(PROBLEM REQUIREMENTS) The result should be every line in the material below containing the string "single".
──────
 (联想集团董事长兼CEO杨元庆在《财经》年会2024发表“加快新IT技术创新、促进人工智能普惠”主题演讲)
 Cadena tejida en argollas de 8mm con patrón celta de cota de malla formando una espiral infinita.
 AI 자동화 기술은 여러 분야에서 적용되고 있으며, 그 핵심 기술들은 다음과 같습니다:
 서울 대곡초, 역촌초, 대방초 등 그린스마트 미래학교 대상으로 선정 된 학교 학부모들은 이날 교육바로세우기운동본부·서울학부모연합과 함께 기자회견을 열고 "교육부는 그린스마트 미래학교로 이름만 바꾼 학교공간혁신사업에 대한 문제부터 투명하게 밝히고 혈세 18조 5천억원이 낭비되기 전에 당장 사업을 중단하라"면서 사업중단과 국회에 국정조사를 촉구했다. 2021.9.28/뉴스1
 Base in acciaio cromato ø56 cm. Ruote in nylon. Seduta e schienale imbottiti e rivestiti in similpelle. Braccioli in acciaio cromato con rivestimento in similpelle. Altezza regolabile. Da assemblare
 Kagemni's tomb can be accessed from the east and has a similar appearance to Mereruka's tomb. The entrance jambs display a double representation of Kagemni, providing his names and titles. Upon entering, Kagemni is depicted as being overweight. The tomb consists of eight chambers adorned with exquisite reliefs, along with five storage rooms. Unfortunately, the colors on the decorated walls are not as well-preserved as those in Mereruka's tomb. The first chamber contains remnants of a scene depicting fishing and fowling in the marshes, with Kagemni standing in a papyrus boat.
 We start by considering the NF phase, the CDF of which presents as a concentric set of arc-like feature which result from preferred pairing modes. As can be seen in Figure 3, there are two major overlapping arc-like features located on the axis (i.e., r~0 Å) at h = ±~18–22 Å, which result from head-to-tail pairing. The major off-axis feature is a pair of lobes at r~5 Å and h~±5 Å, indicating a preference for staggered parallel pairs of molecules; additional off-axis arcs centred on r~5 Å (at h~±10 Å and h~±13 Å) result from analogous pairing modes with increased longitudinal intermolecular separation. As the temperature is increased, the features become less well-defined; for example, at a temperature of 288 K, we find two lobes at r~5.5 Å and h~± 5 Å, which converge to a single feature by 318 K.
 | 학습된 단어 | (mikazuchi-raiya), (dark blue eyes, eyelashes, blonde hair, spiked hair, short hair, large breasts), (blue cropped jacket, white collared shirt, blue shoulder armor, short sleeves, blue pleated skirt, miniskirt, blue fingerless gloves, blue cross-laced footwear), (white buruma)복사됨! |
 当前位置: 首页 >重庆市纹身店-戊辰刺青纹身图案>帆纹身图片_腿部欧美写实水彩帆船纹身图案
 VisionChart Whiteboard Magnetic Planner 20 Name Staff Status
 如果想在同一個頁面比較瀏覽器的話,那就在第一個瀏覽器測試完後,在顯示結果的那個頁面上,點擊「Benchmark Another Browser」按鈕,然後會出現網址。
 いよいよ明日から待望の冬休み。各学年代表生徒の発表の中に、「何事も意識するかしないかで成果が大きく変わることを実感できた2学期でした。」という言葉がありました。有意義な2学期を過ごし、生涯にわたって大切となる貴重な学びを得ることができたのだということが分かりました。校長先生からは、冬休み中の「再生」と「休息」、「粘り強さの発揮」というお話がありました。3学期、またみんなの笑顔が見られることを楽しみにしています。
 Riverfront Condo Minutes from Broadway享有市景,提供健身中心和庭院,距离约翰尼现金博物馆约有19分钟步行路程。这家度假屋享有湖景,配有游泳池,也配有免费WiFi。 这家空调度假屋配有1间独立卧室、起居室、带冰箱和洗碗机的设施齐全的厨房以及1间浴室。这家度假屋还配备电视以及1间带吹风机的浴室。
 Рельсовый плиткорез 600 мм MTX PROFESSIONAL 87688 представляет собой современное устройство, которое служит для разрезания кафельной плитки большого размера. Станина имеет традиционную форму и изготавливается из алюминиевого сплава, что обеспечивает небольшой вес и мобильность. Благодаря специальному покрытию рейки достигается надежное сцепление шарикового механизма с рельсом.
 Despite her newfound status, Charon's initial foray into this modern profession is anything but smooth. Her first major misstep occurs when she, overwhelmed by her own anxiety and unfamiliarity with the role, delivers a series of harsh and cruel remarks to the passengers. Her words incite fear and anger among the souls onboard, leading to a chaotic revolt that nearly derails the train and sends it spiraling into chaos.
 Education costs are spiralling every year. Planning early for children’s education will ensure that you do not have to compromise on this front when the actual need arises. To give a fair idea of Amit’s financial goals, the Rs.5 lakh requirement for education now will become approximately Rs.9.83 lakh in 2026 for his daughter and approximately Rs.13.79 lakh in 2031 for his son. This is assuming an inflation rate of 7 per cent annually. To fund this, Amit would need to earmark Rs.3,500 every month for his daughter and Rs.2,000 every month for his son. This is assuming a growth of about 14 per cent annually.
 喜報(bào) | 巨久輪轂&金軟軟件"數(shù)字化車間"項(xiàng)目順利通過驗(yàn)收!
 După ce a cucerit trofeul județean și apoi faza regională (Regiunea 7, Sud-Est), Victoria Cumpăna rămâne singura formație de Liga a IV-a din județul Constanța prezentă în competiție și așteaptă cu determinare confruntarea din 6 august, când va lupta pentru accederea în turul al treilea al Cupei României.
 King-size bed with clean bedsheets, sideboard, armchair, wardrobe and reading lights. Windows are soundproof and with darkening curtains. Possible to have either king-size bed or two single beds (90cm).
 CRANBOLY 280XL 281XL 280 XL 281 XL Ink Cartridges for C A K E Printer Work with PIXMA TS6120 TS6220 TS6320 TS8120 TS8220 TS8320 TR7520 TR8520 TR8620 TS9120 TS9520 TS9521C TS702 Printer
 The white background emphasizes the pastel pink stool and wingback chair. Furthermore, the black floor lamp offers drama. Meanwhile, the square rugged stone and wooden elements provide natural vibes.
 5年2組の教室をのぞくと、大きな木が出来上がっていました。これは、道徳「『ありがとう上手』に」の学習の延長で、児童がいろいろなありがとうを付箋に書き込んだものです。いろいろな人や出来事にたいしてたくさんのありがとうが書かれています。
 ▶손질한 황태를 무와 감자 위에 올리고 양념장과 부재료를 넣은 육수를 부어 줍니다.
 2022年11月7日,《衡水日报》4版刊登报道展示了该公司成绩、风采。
──────
(EXERCISE OUTPUT)
 We start by considering the NF phase, the CDF of which presents as a concentric set of arc-like feature which result from preferred pairing modes. As can be seen in Figure 3, there are two major overlapping arc-like features located on the axis (i.e., r~0 Å) at h = ±~18–22 Å, which result from head-to-tail pairing. The major off-axis feature is a pair of lobes at r~5 Å and h~±5 Å, indicating a preference for staggered parallel pairs of molecules; additional off-axis arcs centred on r~5 Å (at h~±10 Å and h~±13 Å) result from analogous pairing modes with increased longitudinal intermolecular separation. As the temperature is increased, the features become less well-defined; for example, at a temperature of 288 K, we find two lobes at r~5.5 Å and h~± 5 Å, which converge to a single feature by 318 K.
 King-size bed with clean bedsheets, sideboard, armchair, wardrobe and reading lights. Windows are soundproof and with darkening curtains. Possible to have either king-size bed or two single beds (90cm).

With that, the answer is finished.